Right, I'd rather have the nodes not netbooted - the network cards I have don't support it and they are not supported by Etherboot or whatever the name was - Realtek RTL8169 chips, I think. Plus, I understand netbooting was only faster in the past, when there were no SSDs. All the nodes have SLC SSDs and really, they boot and generally work quite fast. I don't see the need for netbooting.

So that dhcp -R option was only for netbooting? That's all right then. I have two nodes normally installed, the master node even has X, with Xfce 4. I wouldn't mind setting predefined, static addresses and be done with it, especially since I don't want netbooting. It's not really the Gentoo way to have a canned kernel for all the nodes, unless you have identical nodes.

Moving on with the tutorial, the next question I found is if portage still needs or recognizes these make.conf settings:

```
PORTAGE_NICENESS=-1

AUTOCLEAN="yes"

PORTAGE_TMPFS="/dev/shm"

FEATURES="buildpkg fixpackages sandbox ccache"

CCACHE_SIZE="2G"

CLEAN_DELAY=1

LINGUAS="fr en"
```

I installed Gentoo according to the tutorial. I have a separate tutorial from a very old Gentoo user, on how to install Xfce4. Not rocket science, he just saved a list of packages to emerge and in which order.

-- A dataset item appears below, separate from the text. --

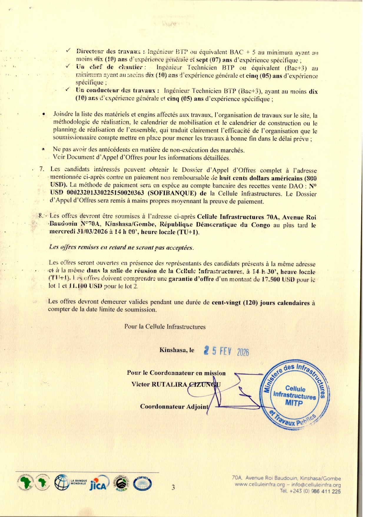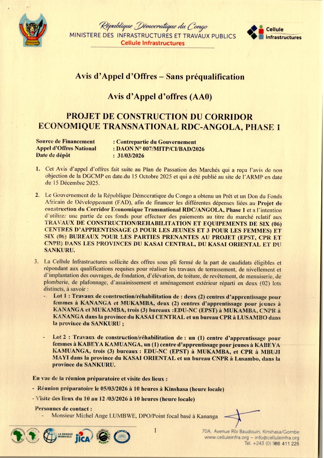 Travaux de construction / Réhabilitation et Équipements de Six (06) Centres d’apprentissage (3 pour les Jeunes et 3 pour les Femmes) et six (06) bureaux pour les parties prenantes au au projet (EPST, CPR et CNPR) dans les provinces du Kasai Central, du Kasai Oriental et du Sankuru.

Anyway, next up I have the c3.conf, which if is also used for nodes with IPs assigned via DHCP, then I don't need it, either.

Next up is the Apache server config and then /etc/gmond.conf - in both cases, the hostname stuff is my problem. I only want the cluster to be named P3cluster, each node has a hostname and that's it. It won't have a sub-domain on an existing domain or whatever else like that. In the Apache config he had ganglia.livia.etsmtl.ca and in gmond.conf he has name = "Kluster" which is confusing. And then he adds some routes.